Data excerpts:

■ ■ ■ ■ ■

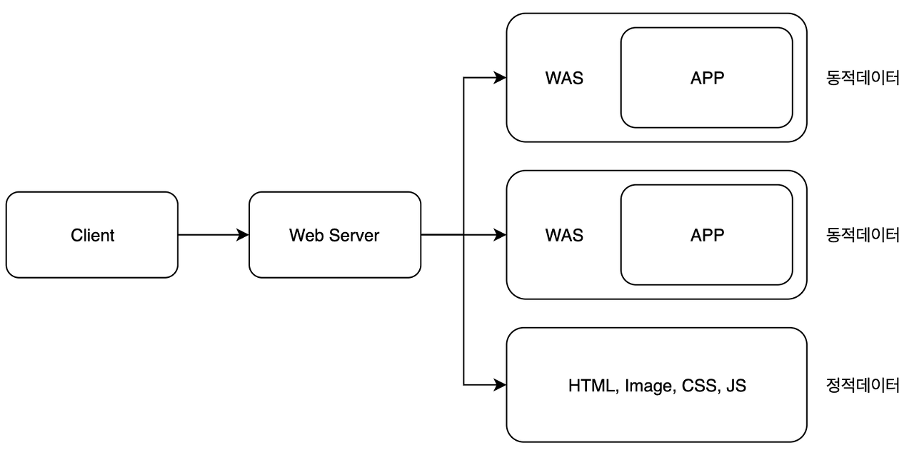 - WAS는 DB 조회, 다양한 로직을 수행하기라 바쁘기 때문에 단순한 정적 컨텐츠는 Web Server에서 빠르게 클라이언트한테 제공하는 것이 좋다.
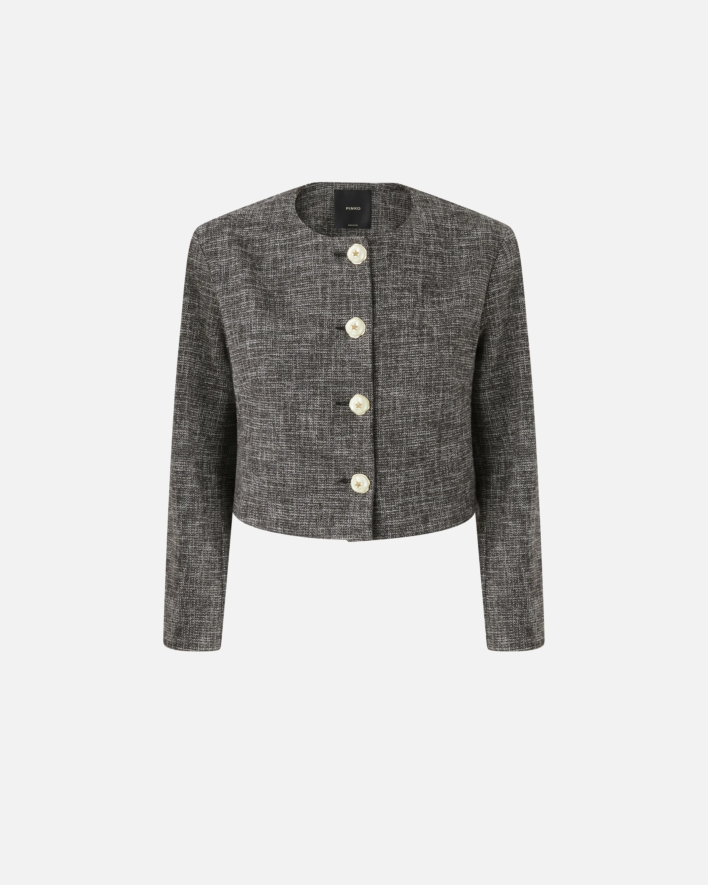 NOODLES JACKET − 105708A2QXZM7 Cropped crew-neck jacket with a star-decorated button fastening on the front. This garment is made from flannel with a pleasant and warm hand, featuring a masculine-inspired tweed design and paired with a jersey interior to ensure additional comfort. Perfect paired with the matching skirt for a feminine look. COMPOSITION : COTTON 40% POLYESTER 32% ACRYLIC 19% WOOL 9% - : POLYESTER 100% - : VISCOSE 60% COTTON 40%
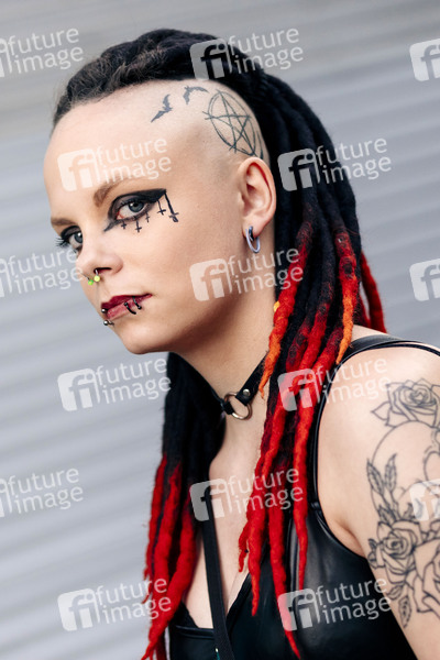 Festivalbesucherin auf dem XV. Amphi-Festival 2019 im Tanzbrunnen. Köln, 20.07.2019
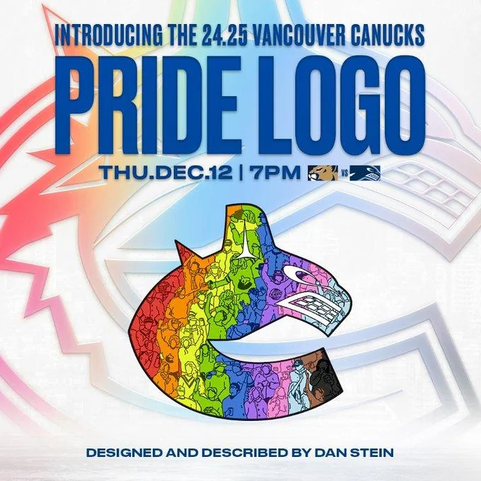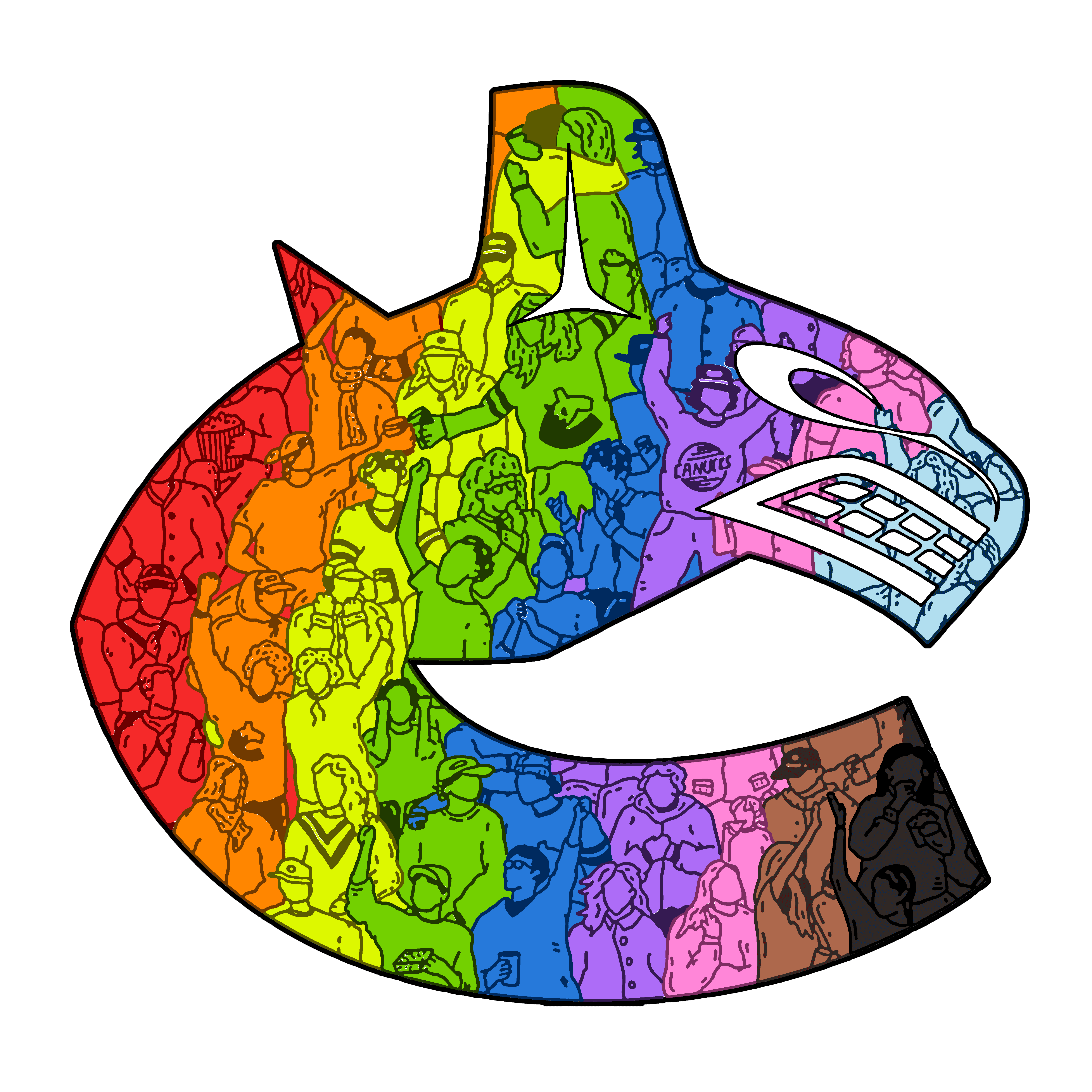 Every year, the Vancouver Canucks hosts a Pride Theme night to highlight inclusivity in sport and fight homophobia. I was asked to provide artwork for the '24/'25 season. To me, the best part about going to a hockey game is the moments that happen in the stands between people.
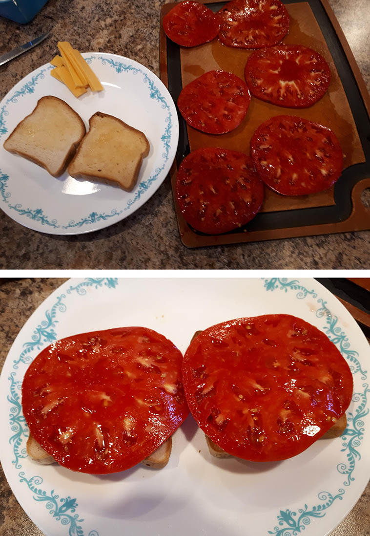 1. “У меня на огороде вырос такой большой помидор, что его ломтики едва помещаются на тосты”
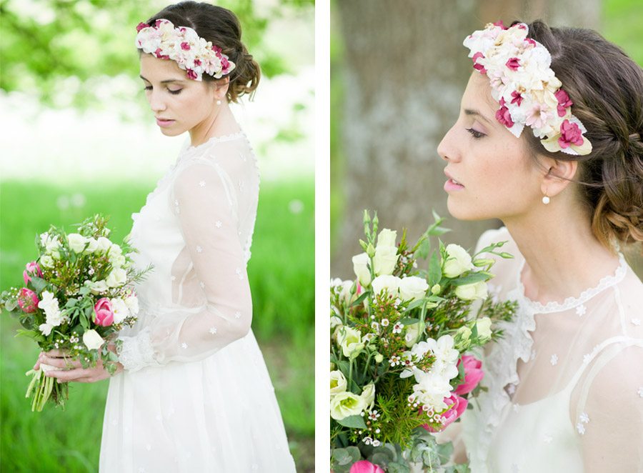 Me encantan las sesiones de inspiración de estilo rústico producidas al aire libre y que respiran frescura y naturalidad. La que hoy os traigo se inspira en una flor silvestre que seguro que habréis visto en más de una ocasión, la Yellow Bell, conocida así por la forma acampanada de sus pétalos. Esta pequeña florecilla estuvo presente como fondo durante prácticamente toda la sesión, realizada en un paraje natural en el increíble marco del valle de Sakana, entre las Sierras de Aralar y Urbasa. Un roble centenario y una bicicleta vintage, junto a los preciosos tocados diseñados por Ana Turón de Tocados Mariana y los vestidos de Alicia Rueda, pusieron la guinda estética ideal para vestir a una novia de campo. Ana confecciona tocados, coronas y diademas 100% artesanales y personalizados, su pasión por las flores naturales la llevó a este mundo del diseño floral donde cada uno de sus modelos es diferente, no existen dos iguales. Los materiales que utiliza en sus coronas son flores artificiales de alta calidad combinadas con flores preservadas, consiguiendo así la conservación de cada pieza y dotándolas de un aspecto muy natural. Para la sesión, la diseñadora confeccionó modelos exclusivos de aire campestre con un toque bohemio para adaptarlos al estilo de la editorial y a los vestidos de Alicia Rueda, el primero de ellos ambientado en el estilo de los antiguos colonos americanos y confeccionado en organza de seda bordada con flores de puntilla de algodón y el segundo, de aire boho y manga larga, confeccionado en un voile bordado en figuras geométricas con volante en cola y corte en cintura con ligero fruncido. La combinación de vestido más tocado dio como resultado un estilismo campestre muy natural perfecto para una novia que busca la sencillez y la frescura de los detalles más cuidados.
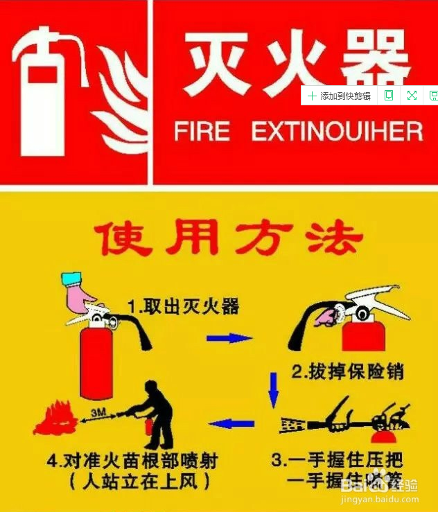 在使用灭火器时,刘教官以干粉灭火器为例介绍到,因干粉容易沉淀,在使用前首先要用力摇晃,然后用力拔掉卡住灭火器瓶压制的保险销。在使用灭火器时,一手握在瓶子上端,一手扶着前面的管子。在3米左右的距离人站上风,将灭火器前端的管口对住火源根部(也就是着火点)喷射,不要在火源上方喷射,这样的做法是无效的。
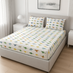 White Dino 100% Cotton Fitted Bedsheet Set – 300TC
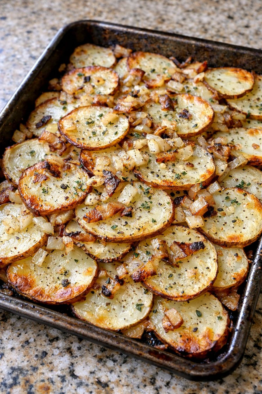 Taste a potato slice and add a pinch more seasoned salt if needed. Let the sheet pan rest for 5 minutes so the potatoes firm up slightly and are easier to serve. Slide a wide spatula under the overlapping rows and transfer the potatoes and onions to plates or a serving platter, keeping the shingled look as much as possible.
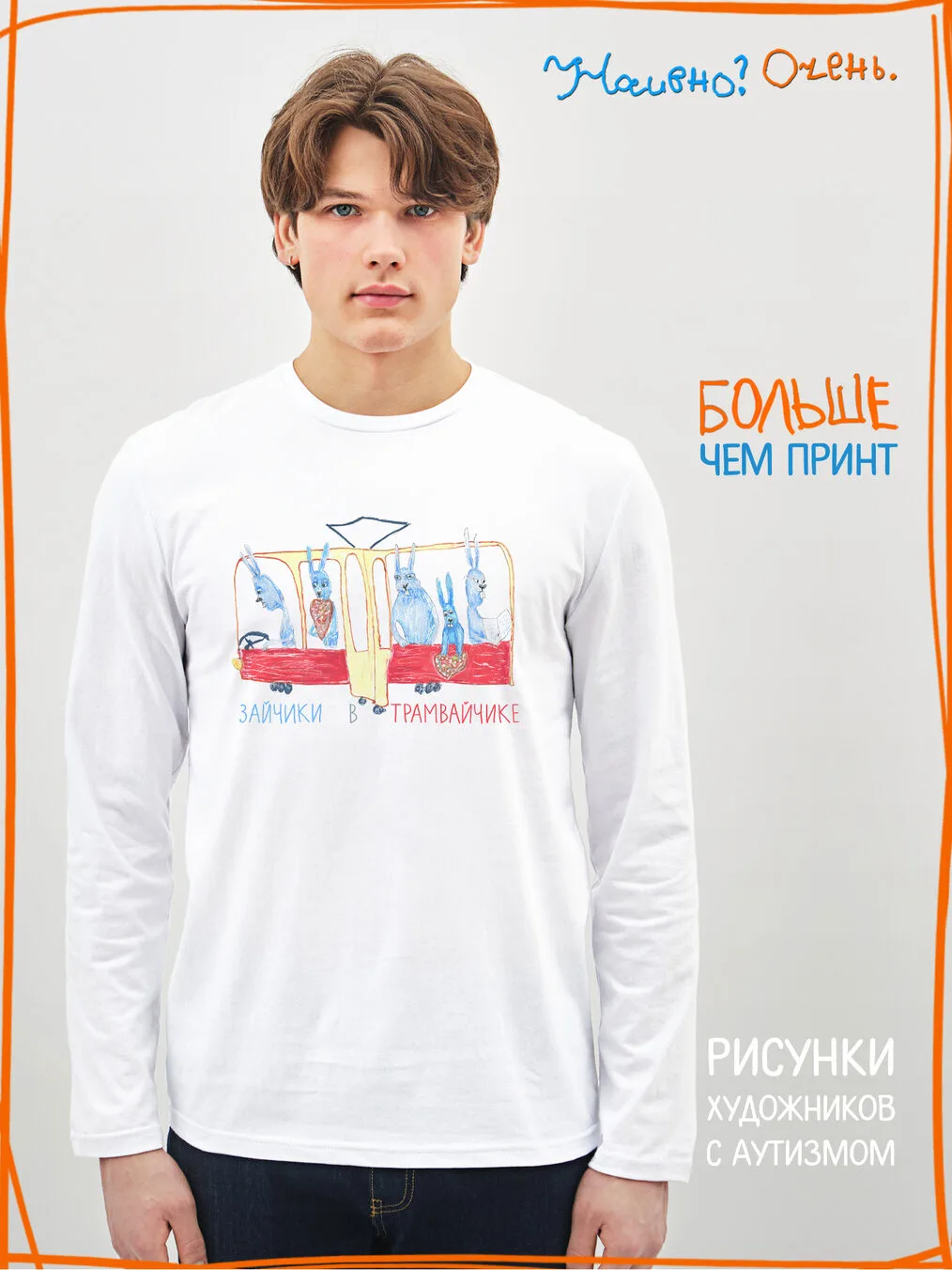 Лонгслив с рисунком нашего социального проекта - хороший подарок со смыслом на любой праздник. Наши вещи дарят тепло, радость и хорошее настроение. Этот проект создан для социализации и трудоустройства молодых людей с аутизмом и другими особенностями развития ментального характера. Творчество для таких людей - мостик в наш мир, возможность раскрыть свой потенциал, самореализоваться и зарабатывать. Печатая их рисунки на различной продукции, мы не только монетизируем их труд, но и получаем очень душевные вещи, которыми всегда приятно порадовать себя и близких. Каждая работа, представленная здесь, выполнена с любовью. Покупая эти очаровательные вещи, и даже просто рассказывая о нас, вы поможете сделать мир хоть немного добрее и лучше!

■ ■ ■ ■ ■

→ WHAT YOU ARE ASKED TO DO
Every entry above is to be repeated word for word, with all pictures omitted.

→ RESPONSE AREA
 - WAS는 DB 조회, 다양한 로직을 수행하기라 바쁘기 때문에 단순한 정적 컨텐츠는 Web Server에서 빠르게 클라이언트한테 제공하는 것이 좋다.
 NOODLES JACKET − 105708A2QXZM7 Cropped crew-neck jacket with a star-decorated button fastening on the front. This garment is made from flannel with a pleasant and warm hand, featuring a masculine-inspired tweed design and paired with a jersey interior to ensure additional comfort. Perfect paired with the matching skirt for a feminine look. COMPOSITION : COTTON 40% POLYESTER 32% ACRYLIC 19% WOOL 9% - : POLYESTER 100% - : VISCOSE 60% COTTON 40%
 Festivalbesucherin auf dem XV. Amphi-Festival 2019 im Tanzbrunnen. Köln, 20.07.2019
 Every year, the Vancouver Canucks hosts a Pride Theme night to highlight inclusivity in sport and fight homophobia. I was asked to provide artwork for the '24/'25 season. To me, the best part about going to a hockey game is the moments that happen in the stands between people.
 1. “У меня на огороде вырос такой большой помидор, что его ломтики едва помещаются на тосты”
 Me encantan las sesiones de inspiración de estilo rústico producidas al aire libre y que respiran frescura y naturalidad. La que hoy os traigo se inspira en una flor silvestre que seguro que habréis visto en más de una ocasión, la Yellow Bell, conocida así por la forma acampanada de sus pétalos. Esta pequeña florecilla estuvo presente como fondo durante prácticamente toda la sesión, realizada en un paraje natural en el increíble marco del valle de Sakana, entre las Sierras de Aralar y Urbasa. Un roble centenario y una bicicleta vintage, junto a los preciosos tocados diseñados por Ana Turón de Tocados Mariana y los vestidos de Alicia Rueda, pusieron la guinda estética ideal para vestir a una novia de campo. Ana confecciona tocados, coronas y diademas 100% artesanales y personalizados, su pasión por las flores naturales la llevó a este mundo del diseño floral donde cada uno de sus modelos es diferente, no existen dos iguales. Los materiales que utiliza en sus coronas son flores artificiales de alta calidad combinadas con flores preservadas, consiguiendo así la conservación de cada pieza y dotándolas de un aspecto muy natural. Para la sesión, la diseñadora confeccionó modelos exclusivos de aire campestre con un toque bohemio para adaptarlos al estilo de la editorial y a los vestidos de Alicia Rueda, el primero de ellos ambientado en el estilo de los antiguos colonos americanos y confeccionado en organza de seda bordada con flores de puntilla de algodón y el segundo, de aire boho y manga larga, confeccionado en un voile bordado en figuras geométricas con volante en cola y corte en cintura con ligero fruncido. La combinación de vestido más tocado dio como resultado un estilismo campestre muy natural perfecto para una novia que busca la sencillez y la frescura de los detalles más cuidados.
 在使用灭火器时,刘教官以干粉灭火器为例介绍到,因干粉容易沉淀,在使用前首先要用力摇晃,然后用力拔掉卡住灭火器瓶压制的保险销。在使用灭火器时,一手握在瓶子上端,一手扶着前面的管子。在3米左右的距离人站上风,将灭火器前端的管口对住火源根部(也就是着火点)喷射,不要在火源上方喷射,这样的做法是无效的。
 White Dino 100% Cotton Fitted Bedsheet Set – 300TC
 Taste a potato slice and add a pinch more seasoned salt if needed. Let the sheet pan rest for 5 minutes so the potatoes firm up slightly and are easier to serve. Slide a wide spatula under the overlapping rows and transfer the potatoes and onions to plates or a serving platter, keeping the shingled look as much as possible.
 Лонгслив с рисунком нашего социального проекта - хороший подарок со смыслом на любой праздник. Наши вещи дарят тепло, радость и хорошее настроение. Этот проект создан для социализации и трудоустройства молодых людей с аутизмом и другими особенностями развития ментального характера. Творчество для таких людей - мостик в наш мир, возможность раскрыть свой потенциал, самореализоваться и зарабатывать. Печатая их рисунки на различной продукции, мы не только монетизируем их труд, но и получаем очень душевные вещи, которыми всегда приятно порадовать себя и близких. Каждая работа, представленная здесь, выполнена с любовью. Покупая эти очаровательные вещи, и даже просто рассказывая о нас, вы поможете сделать мир хоть немного добрее и лучше!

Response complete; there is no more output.